[To do] Please transcribe only the lines between the one containing "- CONEXIONES?EN CADENA." and the end of the records, both ends included, exactly as written; skip every picture.

[Material for the task]
=-=-=-=-=

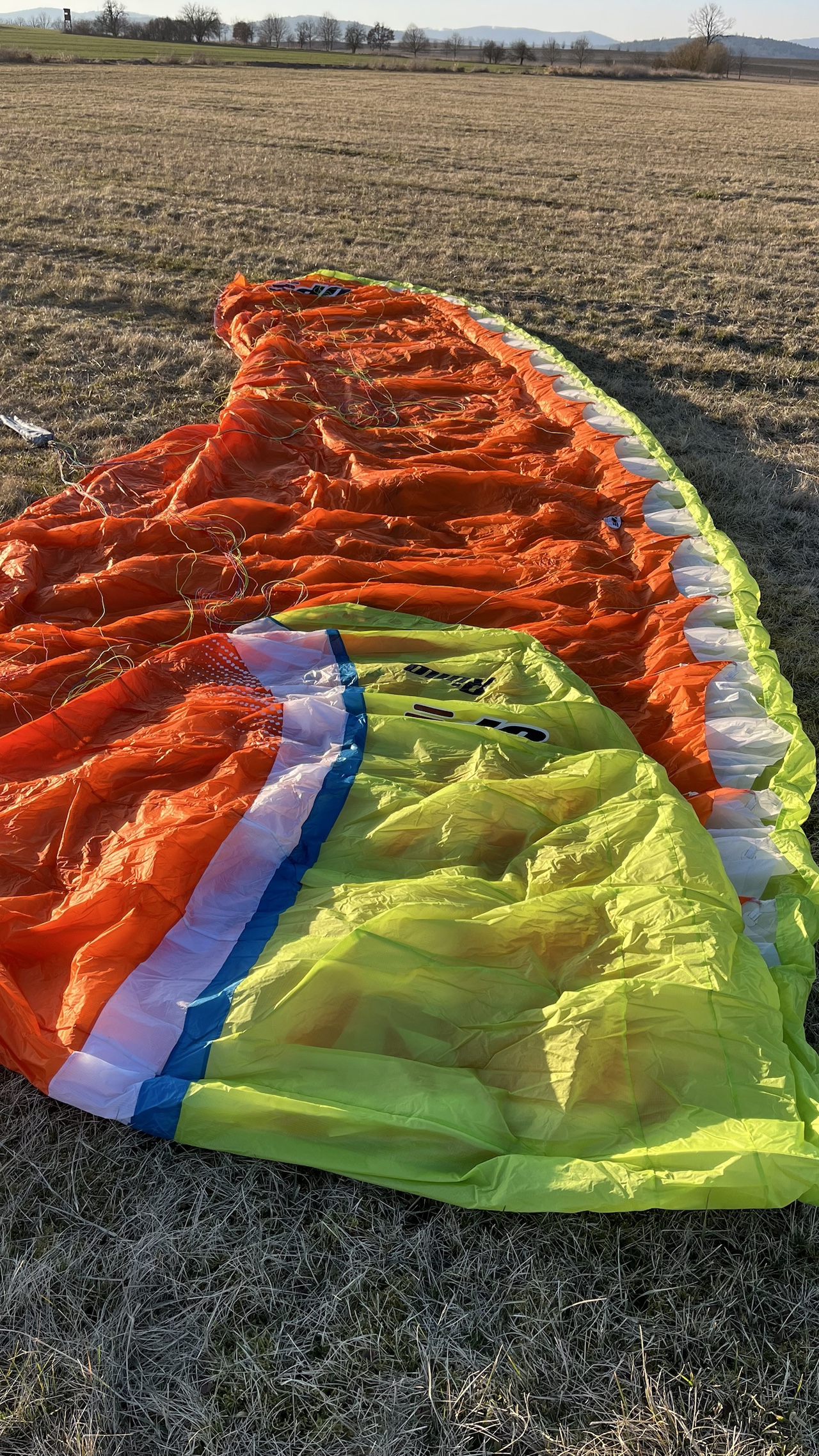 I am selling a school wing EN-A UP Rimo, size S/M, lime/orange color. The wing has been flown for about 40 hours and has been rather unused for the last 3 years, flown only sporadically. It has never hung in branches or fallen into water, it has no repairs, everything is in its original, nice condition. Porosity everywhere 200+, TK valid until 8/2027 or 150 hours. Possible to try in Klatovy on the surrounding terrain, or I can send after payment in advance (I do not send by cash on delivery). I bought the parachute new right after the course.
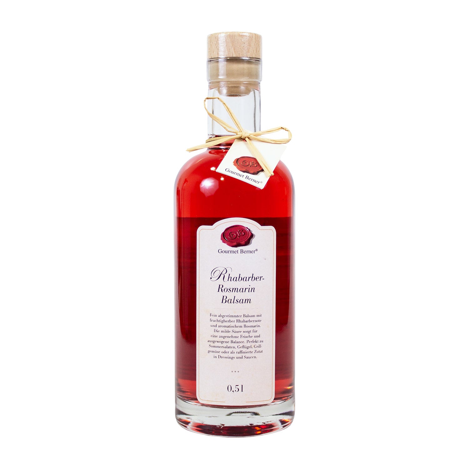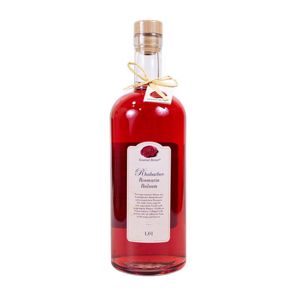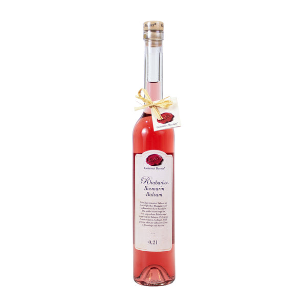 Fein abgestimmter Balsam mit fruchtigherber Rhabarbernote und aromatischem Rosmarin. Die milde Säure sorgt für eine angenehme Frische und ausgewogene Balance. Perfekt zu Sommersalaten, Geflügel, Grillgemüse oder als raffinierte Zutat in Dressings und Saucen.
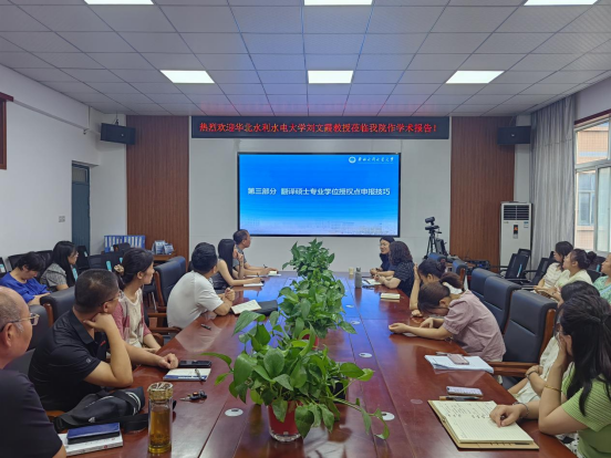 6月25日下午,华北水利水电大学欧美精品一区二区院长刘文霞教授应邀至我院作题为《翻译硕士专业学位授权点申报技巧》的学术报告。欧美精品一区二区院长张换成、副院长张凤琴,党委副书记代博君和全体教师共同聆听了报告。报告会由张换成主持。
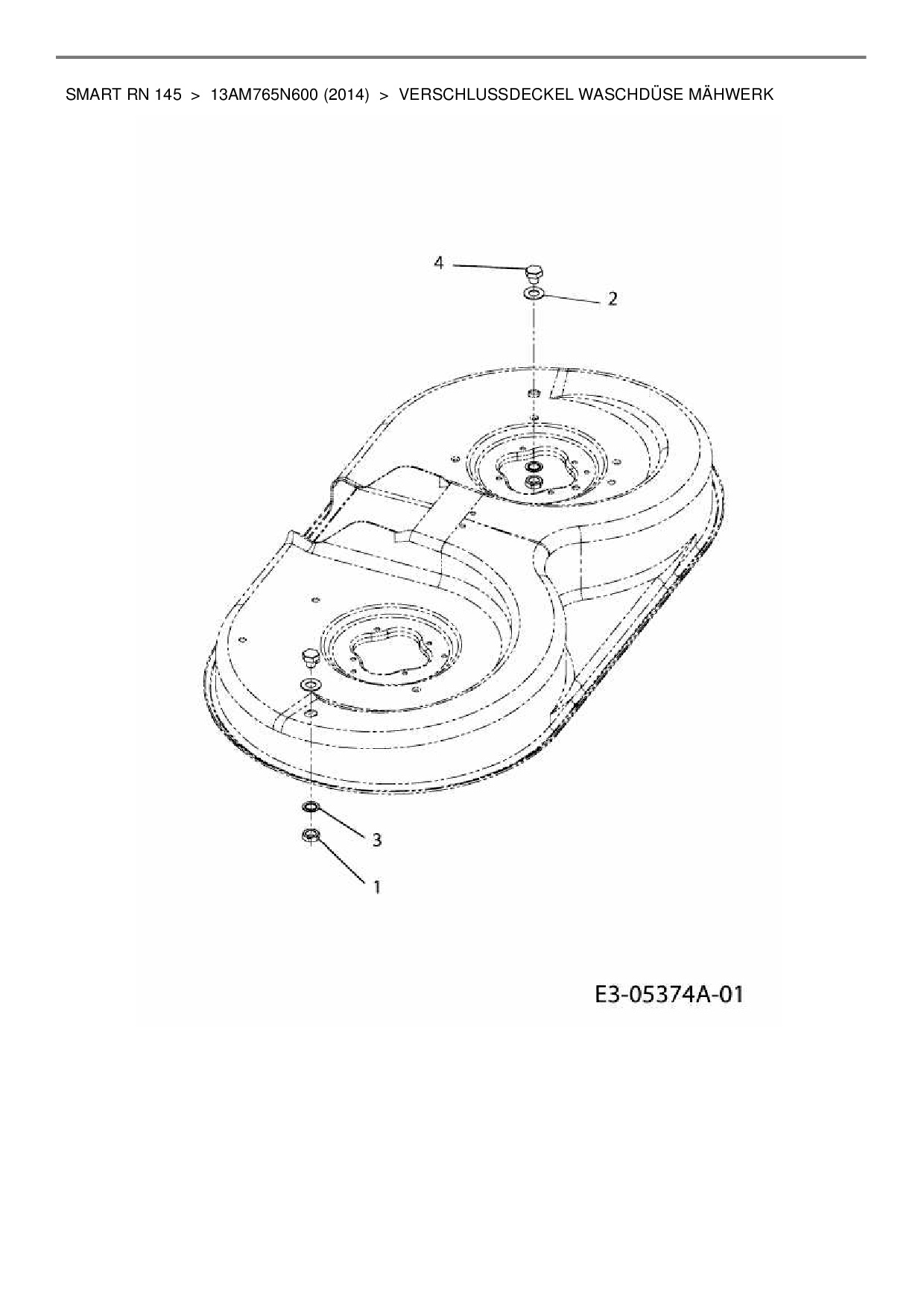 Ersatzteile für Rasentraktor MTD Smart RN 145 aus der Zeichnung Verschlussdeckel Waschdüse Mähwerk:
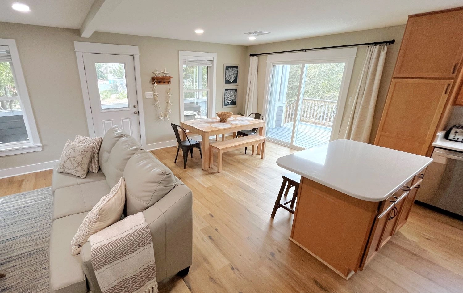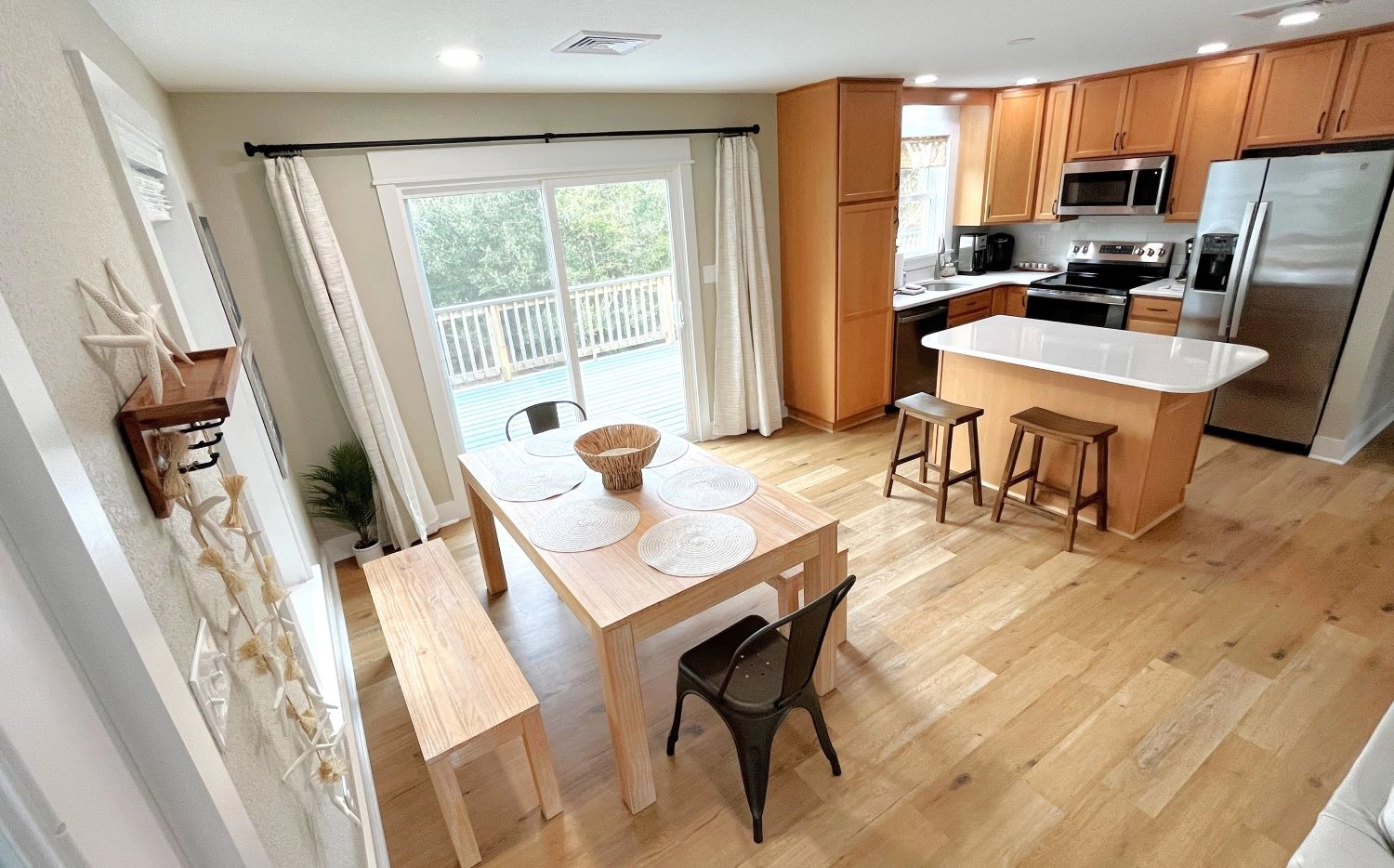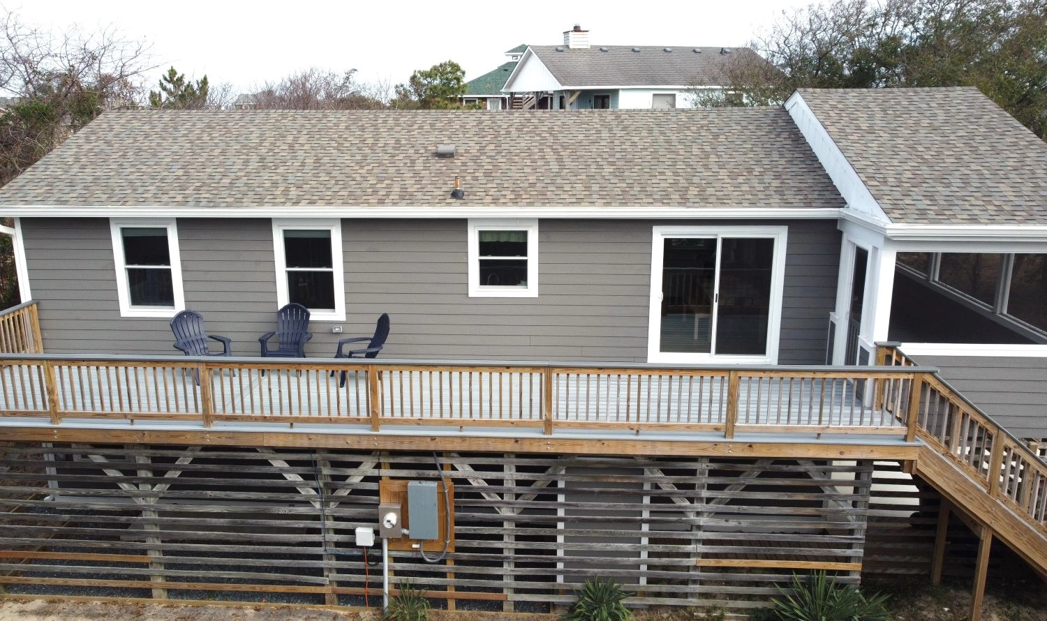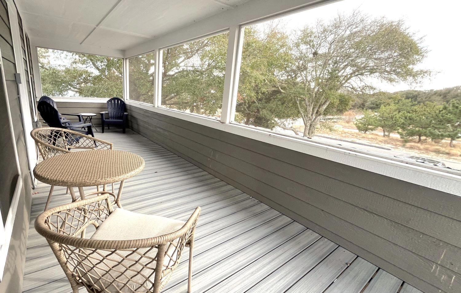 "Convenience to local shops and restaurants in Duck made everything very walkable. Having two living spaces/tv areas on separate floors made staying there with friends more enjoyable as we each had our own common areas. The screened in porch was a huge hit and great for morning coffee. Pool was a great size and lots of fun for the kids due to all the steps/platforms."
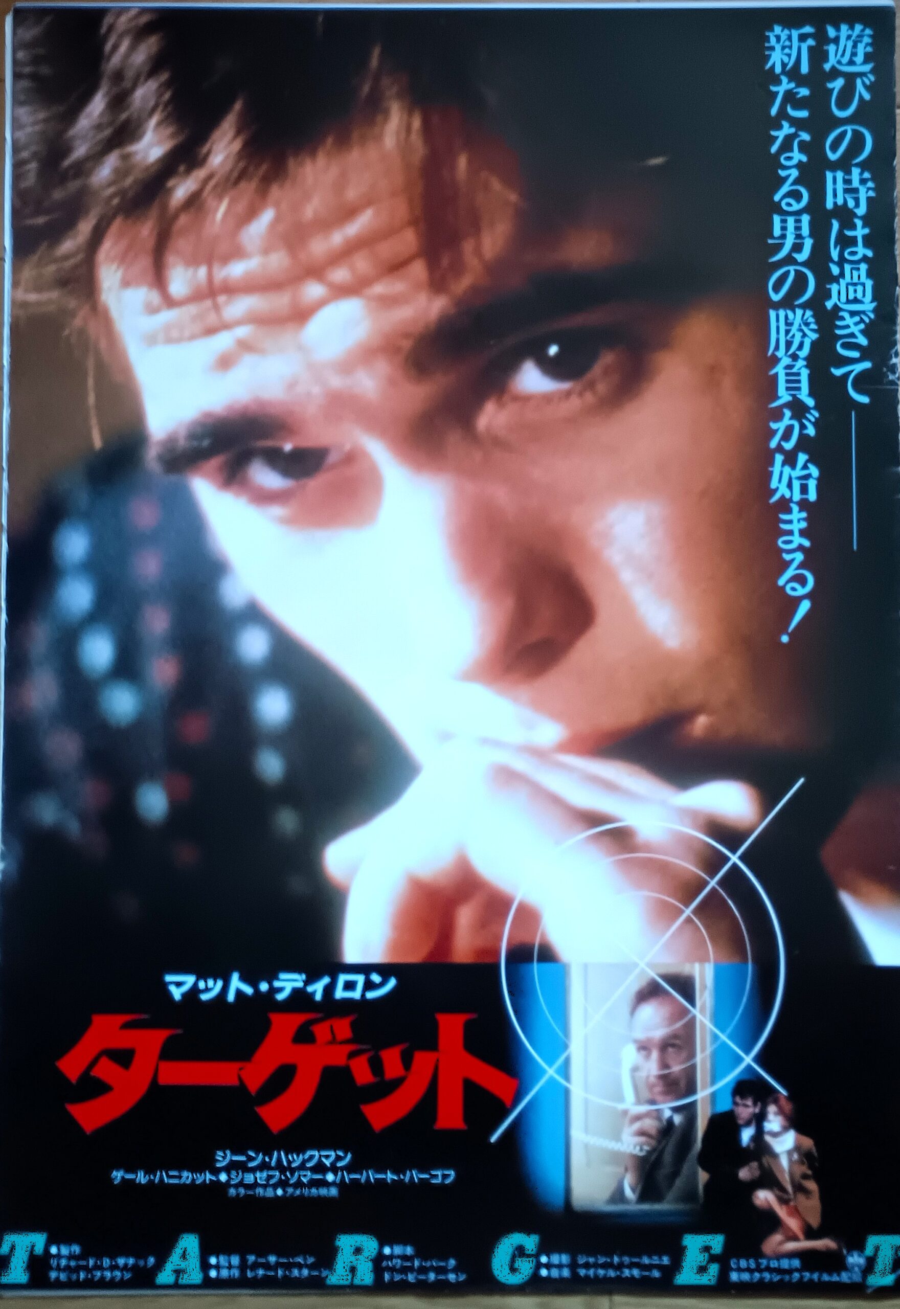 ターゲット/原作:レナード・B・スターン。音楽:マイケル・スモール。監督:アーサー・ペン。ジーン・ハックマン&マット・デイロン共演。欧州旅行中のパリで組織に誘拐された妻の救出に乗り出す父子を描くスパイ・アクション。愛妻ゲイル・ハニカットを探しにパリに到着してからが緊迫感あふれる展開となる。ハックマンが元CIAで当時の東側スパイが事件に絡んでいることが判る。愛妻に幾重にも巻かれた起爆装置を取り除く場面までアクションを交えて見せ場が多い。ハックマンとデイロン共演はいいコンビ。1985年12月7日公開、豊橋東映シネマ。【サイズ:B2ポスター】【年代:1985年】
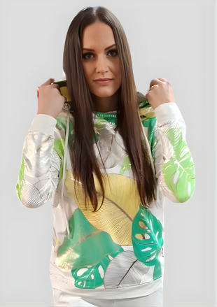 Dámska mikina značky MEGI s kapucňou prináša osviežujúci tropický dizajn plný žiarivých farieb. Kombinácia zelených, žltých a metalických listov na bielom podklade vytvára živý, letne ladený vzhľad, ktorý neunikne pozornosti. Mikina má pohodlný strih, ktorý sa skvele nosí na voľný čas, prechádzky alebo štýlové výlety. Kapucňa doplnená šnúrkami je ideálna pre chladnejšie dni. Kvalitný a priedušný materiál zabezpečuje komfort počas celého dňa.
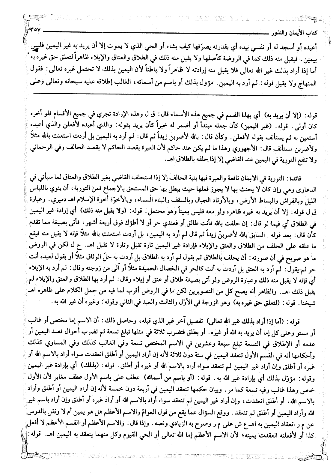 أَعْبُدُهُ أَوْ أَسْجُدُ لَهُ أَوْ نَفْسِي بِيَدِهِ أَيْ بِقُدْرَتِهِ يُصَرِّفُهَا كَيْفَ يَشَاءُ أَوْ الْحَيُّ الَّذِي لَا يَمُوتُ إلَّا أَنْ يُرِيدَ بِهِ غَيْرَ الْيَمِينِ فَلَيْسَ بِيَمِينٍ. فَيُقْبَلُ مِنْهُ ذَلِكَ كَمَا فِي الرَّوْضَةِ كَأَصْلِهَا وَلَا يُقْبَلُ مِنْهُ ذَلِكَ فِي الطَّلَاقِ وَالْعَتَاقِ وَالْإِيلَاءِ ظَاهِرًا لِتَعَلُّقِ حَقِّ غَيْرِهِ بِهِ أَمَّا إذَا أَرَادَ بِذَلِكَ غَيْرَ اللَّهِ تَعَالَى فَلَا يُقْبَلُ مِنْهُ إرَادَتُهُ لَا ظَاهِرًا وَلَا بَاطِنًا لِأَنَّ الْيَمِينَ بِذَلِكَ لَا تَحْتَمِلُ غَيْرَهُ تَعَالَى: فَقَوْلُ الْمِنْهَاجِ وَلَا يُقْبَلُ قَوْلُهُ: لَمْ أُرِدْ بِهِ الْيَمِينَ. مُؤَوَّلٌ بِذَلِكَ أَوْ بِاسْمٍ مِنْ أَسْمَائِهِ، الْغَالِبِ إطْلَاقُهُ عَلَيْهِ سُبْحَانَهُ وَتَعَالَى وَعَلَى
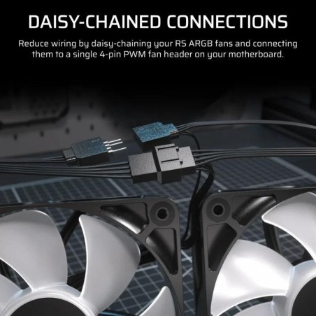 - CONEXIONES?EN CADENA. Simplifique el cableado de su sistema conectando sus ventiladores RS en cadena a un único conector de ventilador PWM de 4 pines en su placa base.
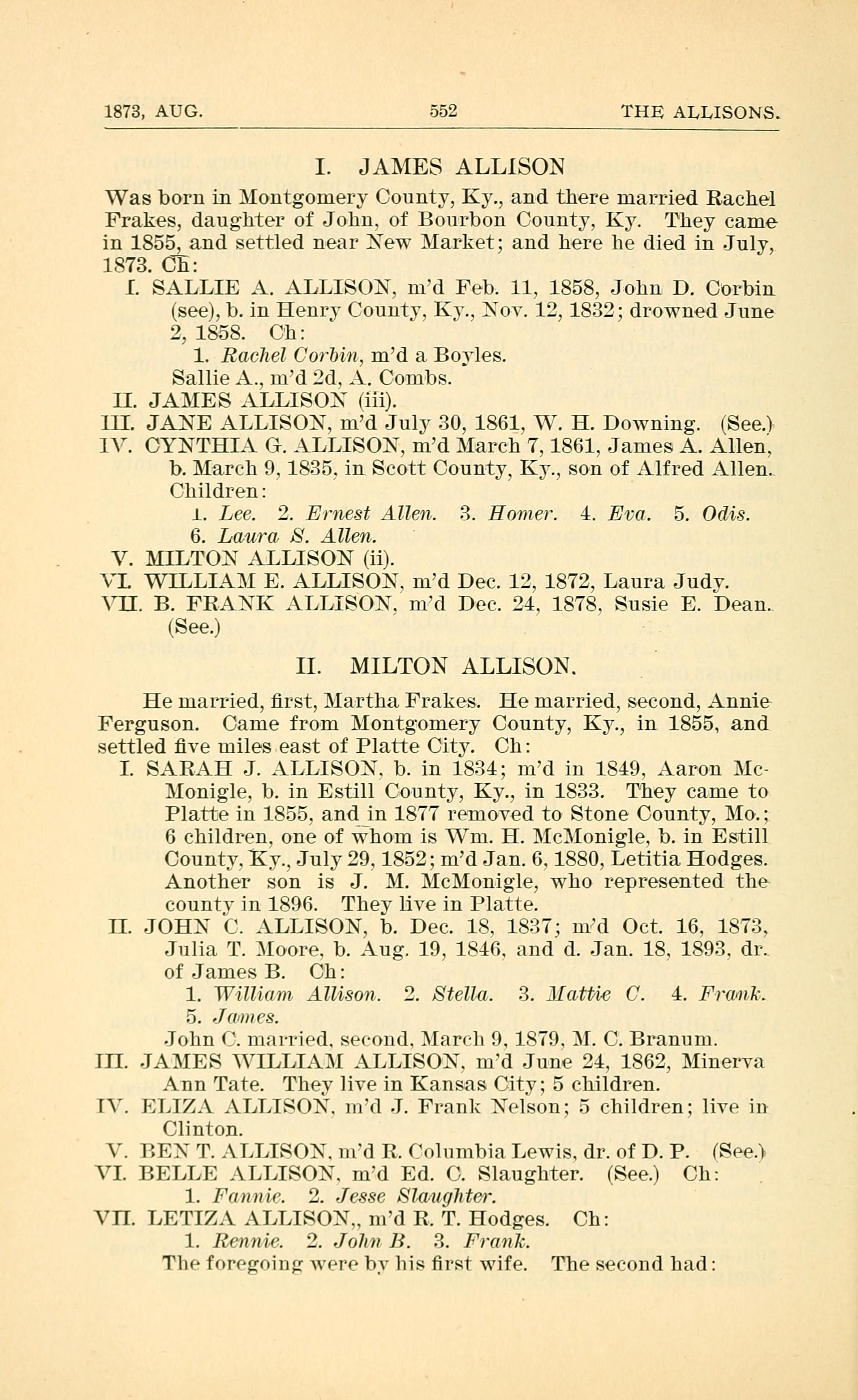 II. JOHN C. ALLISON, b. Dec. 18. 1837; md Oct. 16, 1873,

=-=-=-=-=

[Answer for this exercise]
 - CONEXIONES?EN CADENA. Simplifique el cableado de su sistema conectando sus ventiladores RS en cadena a un único conector de ventilador PWM de 4 pines en su placa base.
 II. JOHN C. ALLISON, b. Dec. 18. 1837; md Oct. 16, 1873,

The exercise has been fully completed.